Going through the entries below, count each line that holds "take" and give only the total.

Data items:
::::
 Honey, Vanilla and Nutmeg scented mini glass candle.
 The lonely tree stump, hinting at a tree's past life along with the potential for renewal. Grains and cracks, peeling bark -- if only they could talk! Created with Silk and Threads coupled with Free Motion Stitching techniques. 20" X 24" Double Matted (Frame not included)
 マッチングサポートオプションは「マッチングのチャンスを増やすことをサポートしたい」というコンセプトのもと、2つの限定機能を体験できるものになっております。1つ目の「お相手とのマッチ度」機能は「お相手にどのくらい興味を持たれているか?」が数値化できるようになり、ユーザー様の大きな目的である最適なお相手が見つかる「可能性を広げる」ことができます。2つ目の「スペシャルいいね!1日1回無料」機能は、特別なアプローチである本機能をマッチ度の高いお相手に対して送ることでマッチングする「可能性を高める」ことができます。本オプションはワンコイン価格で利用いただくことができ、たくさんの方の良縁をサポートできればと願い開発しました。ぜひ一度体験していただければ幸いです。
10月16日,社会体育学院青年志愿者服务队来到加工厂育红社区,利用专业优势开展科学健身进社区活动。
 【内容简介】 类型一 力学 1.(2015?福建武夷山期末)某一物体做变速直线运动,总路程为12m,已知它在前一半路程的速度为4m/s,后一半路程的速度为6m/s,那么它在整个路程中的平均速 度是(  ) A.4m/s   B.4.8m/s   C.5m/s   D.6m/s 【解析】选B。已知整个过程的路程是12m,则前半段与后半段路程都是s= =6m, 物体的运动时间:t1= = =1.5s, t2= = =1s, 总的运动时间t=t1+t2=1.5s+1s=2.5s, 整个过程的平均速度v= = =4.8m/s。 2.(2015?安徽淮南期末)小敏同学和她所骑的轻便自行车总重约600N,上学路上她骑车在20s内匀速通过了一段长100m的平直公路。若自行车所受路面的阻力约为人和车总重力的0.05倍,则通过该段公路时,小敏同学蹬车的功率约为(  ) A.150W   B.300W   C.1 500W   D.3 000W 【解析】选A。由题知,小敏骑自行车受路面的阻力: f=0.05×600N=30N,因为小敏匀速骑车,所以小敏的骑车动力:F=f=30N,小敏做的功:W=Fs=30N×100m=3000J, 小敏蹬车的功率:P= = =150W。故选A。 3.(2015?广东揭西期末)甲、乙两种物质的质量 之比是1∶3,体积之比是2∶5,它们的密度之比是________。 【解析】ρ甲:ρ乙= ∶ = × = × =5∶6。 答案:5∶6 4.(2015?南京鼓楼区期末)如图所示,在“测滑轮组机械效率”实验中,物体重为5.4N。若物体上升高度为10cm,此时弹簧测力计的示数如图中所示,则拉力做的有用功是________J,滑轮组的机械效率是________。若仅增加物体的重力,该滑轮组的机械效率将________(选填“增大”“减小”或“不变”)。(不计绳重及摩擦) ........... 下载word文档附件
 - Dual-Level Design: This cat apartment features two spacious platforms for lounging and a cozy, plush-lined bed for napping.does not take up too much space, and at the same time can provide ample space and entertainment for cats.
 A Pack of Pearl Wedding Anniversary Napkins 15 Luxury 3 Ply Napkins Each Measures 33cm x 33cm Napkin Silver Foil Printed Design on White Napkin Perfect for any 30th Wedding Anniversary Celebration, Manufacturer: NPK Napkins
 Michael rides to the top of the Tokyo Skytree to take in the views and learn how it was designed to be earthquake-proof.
::::
» Output for this exercise:
2